Exxon finally announces 2050 net-zero target, stops short of addressing indirect emissions

ExxonMobil has committed to reaching net-zero operational emissions by 2050, with full plans for delivery due in 2023. However, it has failed to update ambitions to reduce indirect emissions, which account for the majority of its footprint.

Exxon finally announces 2050 net-zero target, stops short of addressing indirect emissions

Image: Exxon

The US-based oil and gas major has today (18 January) published a new report on its emissions and its approach to the energy transition, containing the new 2050 target. The target covers Scope 1 (direct) and Scope 2 (power-related) emissions.

Detailed in the report are more than 150 possible actions that Exxon could take to reduce its Scope 1 and 2 emissions in line with the new targets, including methane reduction, phasing-out flaring and accelerating investment in renewable electricity and low-carbon hydrogen.

Exxon has pledged to draw up specific roadmaps for at least 90% of the required emissions reductions this year, with the remainder to come in 2023. The plans will outline, also, the extent to which Exxon plans to use carbon offsetting.

Additionally, the plans will outline how Exxon will deliver net-zero by 2030 for its operations in the Permian Basin, which accounts for 40% of its oil and gas extraction in the US – its largest market. The basin was first drilled in 1920 and has, to date, had more than 30 billion barrels of crude oil extracted.

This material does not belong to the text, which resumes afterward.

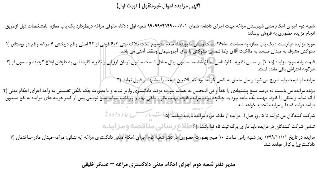 7) مزایده در تاریخ 1399/11/11 روز شنبه راس ساعت 10 صبح بصورت حضوری در دفتر شعبه دوم اجرای احکام مدنی دادگستری مراغه (به نشانی: مراغه-میدان مادر-ساختمان دادگستری) برگزار خواهد شد.
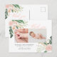 Photo pink floral elegant thank you birth announcement postcard

“We are developing comprehensive roadmaps to reduce greenhouse gas emissions from our operated assets around the world, and where we are not the operator, we are working with our partners to achieve similar emission-reduction results,” said Exxon’s chairman and chief executive Darren Woods.

Less than a month ago, UBS Asset Management and the UK’s largest pension scheme, Nest, divested from ExxonMobil and Canadian refining firm Imperial oil, in which ExxonMobil has a majority stake. The firms cited poor engagement on climate-related topics as the reason for their divestment.

Science or greenwash?

Green groups have been quick to criticise Exxon’s new operational emissions targets as non-science-based. Their interim ambitions remain unchanged from updated targets first published last month, entailing a 20% reduction by 2030. Climate scientists have repeatedly called for a 50% cut in global net emissions by 2030 to allow the best chance of capping global heating to 1.5C.

Additionally, the new targets do not change Exxon’s ambitions around reducing its indirect (Scope 3) emissions. As is the case for most big fossil fuel firms, the end-use of fuels and other products sold generates far more emissions than operations. Exxon disclosed 730 million metric tonnes of CO2 from petroleum product sales in 2019 and has calculated 650 million metric tonnes in 2020.

Despite these clear discrepancies, Exxon maintains that it has tested its strategy against net-zero scenarios including those published by the Intergovernmental Panel on Climate Change (IPCC) and the International Energy Agency (IEA).

Commenting on today’s announcement, InfluenceMap’s director Ed Collins said: “The scope of Exxon’s net-zero announcement appears to focus on its direct operational emissions rather than emissions generated by using its oil and gas products.  It also fails to properly address the impact of its anti-climate policy lobbying.

“Exxon says it will be relying on ‘sound government policies’ to achieve its net-zero goal. But our analysis has shown that the company has lobbied to block or weaken climate policies designed to achieve cuts to emissions in line with the Paris Agreement’s goals.”

This week, the company is applying to the Texas supreme court for new powers that would enable it to restrict criticism and legal action from claimants in California, reports the Guardian.